South Korean actor and model (born 1983)

Park Hae-jin (born May 1, 1983) is a South Korean actor. He is best known for his supporting roles in dramas My Love from the Star (2013) and Doctor Stranger (2014), and his leading roles in Bad Guys (2014), Cheese in the Trap (2016), Man to Man (2017), Forest (2020), Kkondae Intern (2020), From Now On, Showtime! (2022), and The Killing Vote (2023).

==Career==
===2006–2011: Beginnings===
Park began his acting career in KBS weekend drama Famous Chil Princesses, for which he won the Best New Actor award at the 43rd Baeksang Arts Awards. He then starred in two highly successful TV projects - KBS daily drama Heaven & Earth with Han Hyo-joo, and MBC anniversary drama East of Eden. In 2009, Park joined the cast of SBS reality variety show Family Outing, which gave him more exposure. He then got his first lead role in the KBS youth drama Hot Blood.

===2012–2015: Rising popularity and East Asian success===
In 2011, Park starred in first Chinese drama Qian Duo Duo Marry Remember (钱多多嫁人记), which aired on Hunan TV. The drama earned 1.5 billion views in two weeks and its broadcast rights were sold to Japan. Park won the 'Asia Star Award' at the 2012 LeTV Awards, making him the first Korean actor to receive the award. Park also starred in two other dramas Another Brilliant Life and Love Relativity. Due to his rising popularity, a cinema screen by Lotte Cinema in China was named after him.

He then returned to the small screen back in Korea, starring in Seoyoung, My Daughter (2012). The drama became the highest-rated Korean drama of 2013 with a peak rating of 47.6%, and Park gained more recognition with the public. This was followed by supporting roles in fantasy romance series My Love From the Star (2013) and medical drama Doctor Stranger (2014). Both dramas became successful in China, launching Park into stardom as a Hallyu star.

In late 2014, Park starred in OCN's crime thriller Bad Guys. He received the KDA Award at the 2015 Korea Drama Awards for his performance. In 2015, Park made his film debut as lead actor in the romance film Snow is on the Sea opposite Lee Young-ah.

===2016–present: Breakthrough in Korea===
In 2016, Park played the leading role in tvN's Cheese in the Trap, adapted from the webtoon of the same name. The drama gained success in China, and topped Weibo's Korean-Japanese TV drama chart with over 1.9 billion views. Park experienced a rise in popularity and received increased endorsement offers. He also received the Best Actor award at the 2016 Korean Cable TV Awards. Following the success of Cheese in the Trap, Park was confirmed to reprise his role as Yoo Jung in the film adaptation of the webtoon, which was released in 2018.
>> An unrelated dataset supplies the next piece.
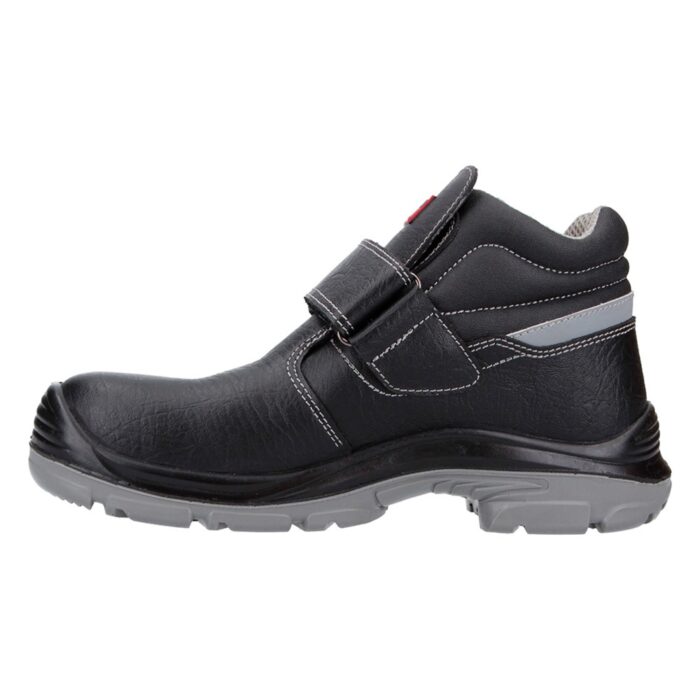 Bota de seguridad New Huracan negro de J’hayber Works. Calzado de seguridad negro, ligero y flexible, con horma de ancho especial, lo que hace que sea un calzado cómodo para afrontar la jornada laboral. Su corte está realizado en piel flor, para una fácil limpieza, e incluye elementos reflectantes que mejoran la visibilidad del trabajador. El forro interior es de rejilla de doble frontura para una mayor transpirabilidad. La lengüeta acolchada protege el empeine ante golpes y rozaduras, y viene con fuelle incluido, para evitar la entrada de partículas en el interior. La puntera de este calzado es de fibra de vidrio, resistente a 200 julios y la plantilla antiperforación no metálica incorpora la tecnología JHAYFLEX. La suela está fabricada en poliuretano bidensidad, con refuerzo en la puntera. Incluye cierre de desprendimiento rápido mediante velcro y cordones para ajuste perfecto. El modelo New Huracan posee excelentes propiedades antideslizantes. Cumple la norma CE: EN ISO 20345:2011 Categoría: S3 SRC

The same year, he starred in Chinese drama Far Away Love, playing a successful businessman who owns an upscale restaurant and falls in love with a destitute woman. He was awarded the 'Male Actor of the Year' award at LeTV Entertainment Awards held in Beijing, China. Park's overseas success led to him being featured on Chinese postage stamps, making him the first Korean to be on Chinese stamps that are released as both regular issue and limited edition. On November 2, 2016, it was announced that Park would star in a web drama titled 7 First Kisses for Lotte Duty Free.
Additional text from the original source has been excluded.